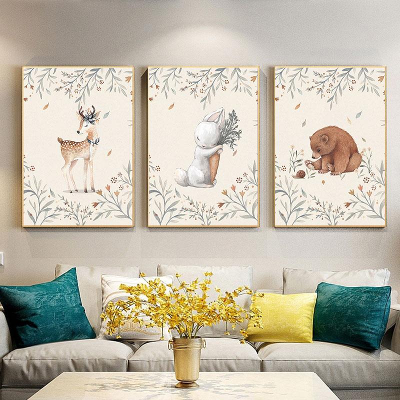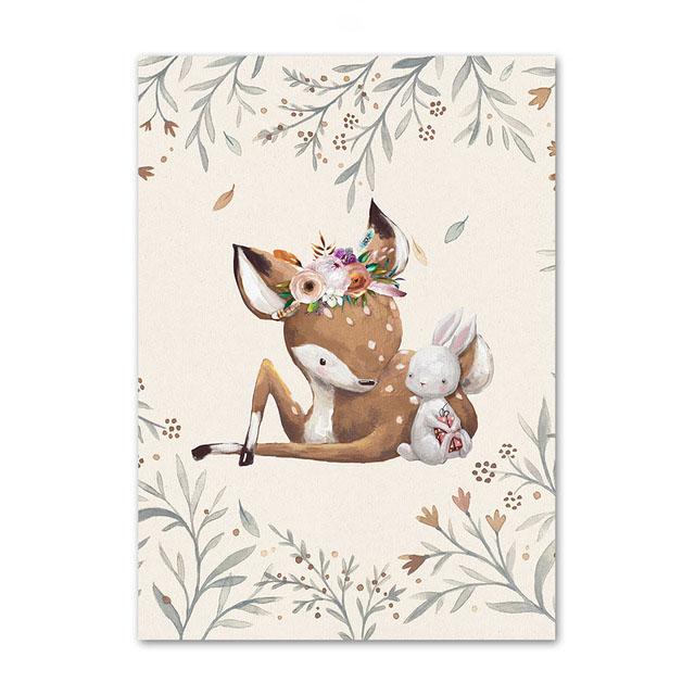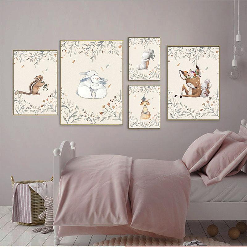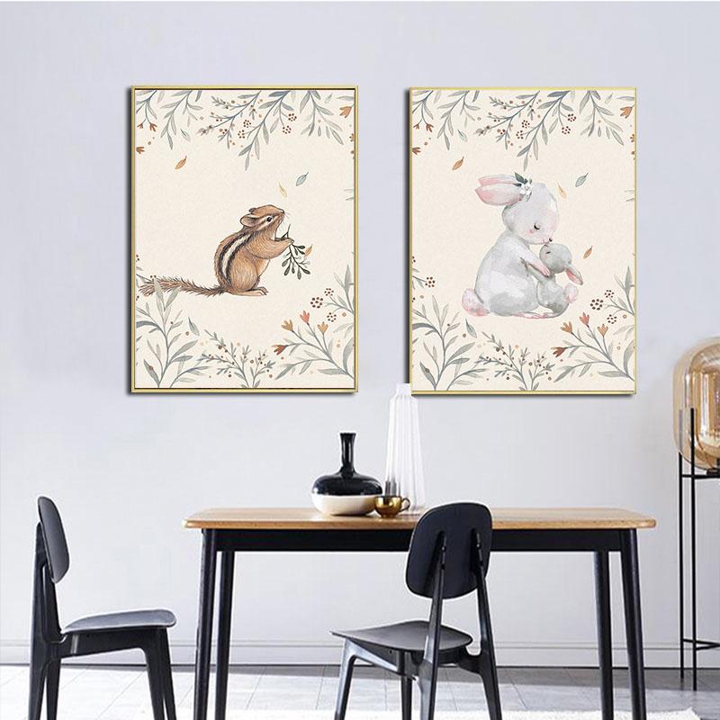 Лесные маленькие животные, домашний декор, холст, картина, кролик, белка, декор для детской комнаты, постеры и принты, милый постер с оленем, Cuadros
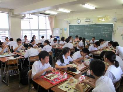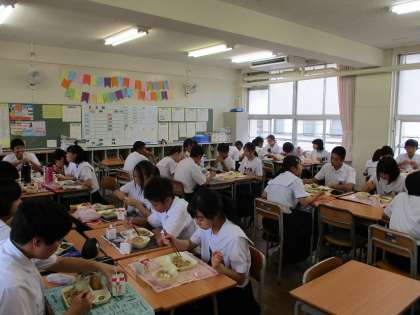 8月27日(火)から給食がスタートしました。今日のメニューは「和風焼きそば(かつお節付き)、きゅうりのゆず風味、パン(1/2)、牛乳」です。3年生の教室では、夏休み中の話題を中心に、会話がはずんでいました。
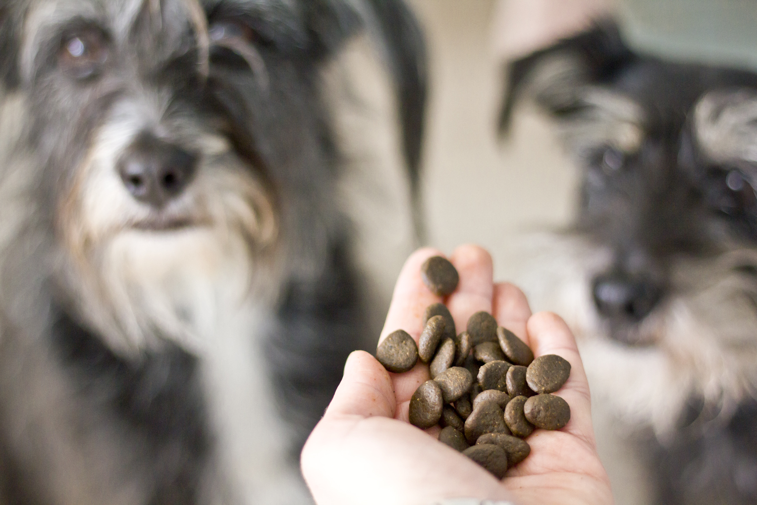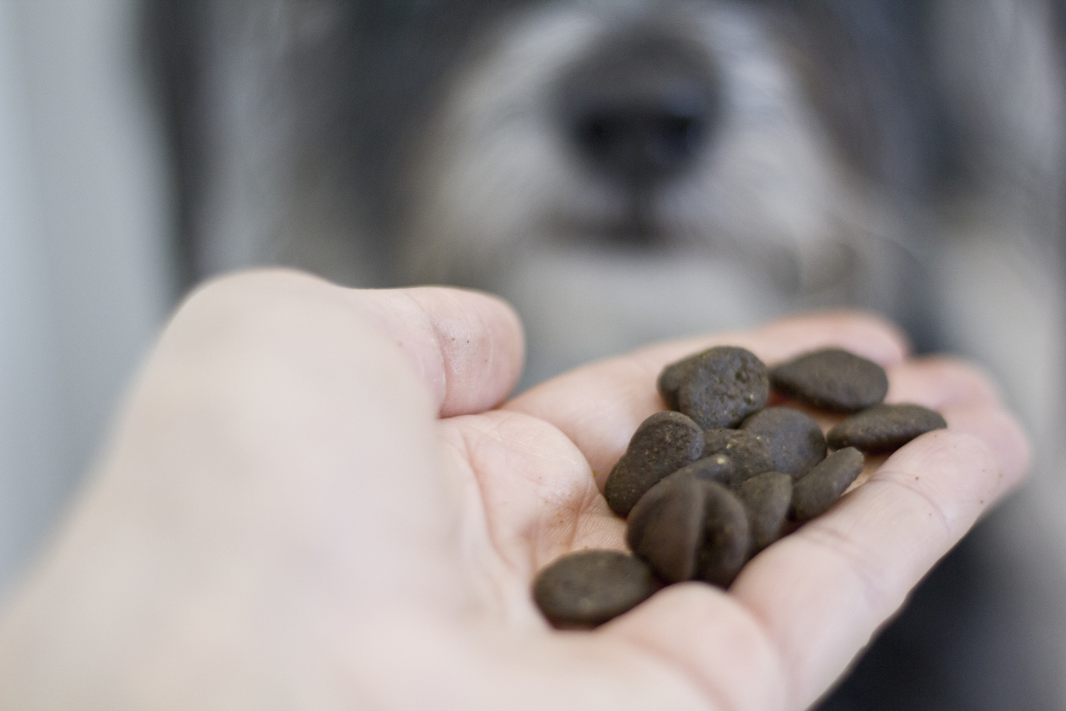 Analizuję, czytam, przeliczam. Jako predatory na diecie BARF w miskach mają czyste mięso. Na kolację suplo zupę dostają doładowaną świeżymi warzywami i owcami. Idealne żywienie ! P nieustannie powtarza, że tak jak suki to on nigdy ne jadał. I jadać nie będzie 😛  Gdzie w tym całym zdrowym żywieniu miejsce na smaczki?
============================================================
• [Problem details]
Please give again only those lines that run from the one containing "8月27日(火)から給食がス" through the final line of the listing, both included, exactly as written and without pictures.

• [Exercise output]
 8月27日(火)から給食がスタートしました。今日のメニューは「和風焼きそば(かつお節付き)、きゅうりのゆず風味、パン(1/2)、牛乳」です。3年生の教室では、夏休み中の話題を中心に、会話がはずんでいました。
 Analizuję, czytam, przeliczam. Jako predatory na diecie BARF w miskach mają czyste mięso. Na kolację suplo zupę dostają doładowaną świeżymi warzywami i owcami. Idealne żywienie ! P nieustannie powtarza, że tak jak suki to on nigdy ne jadał. I jadać nie będzie 😛  Gdzie w tym całym zdrowym żywieniu miejsce na smaczki?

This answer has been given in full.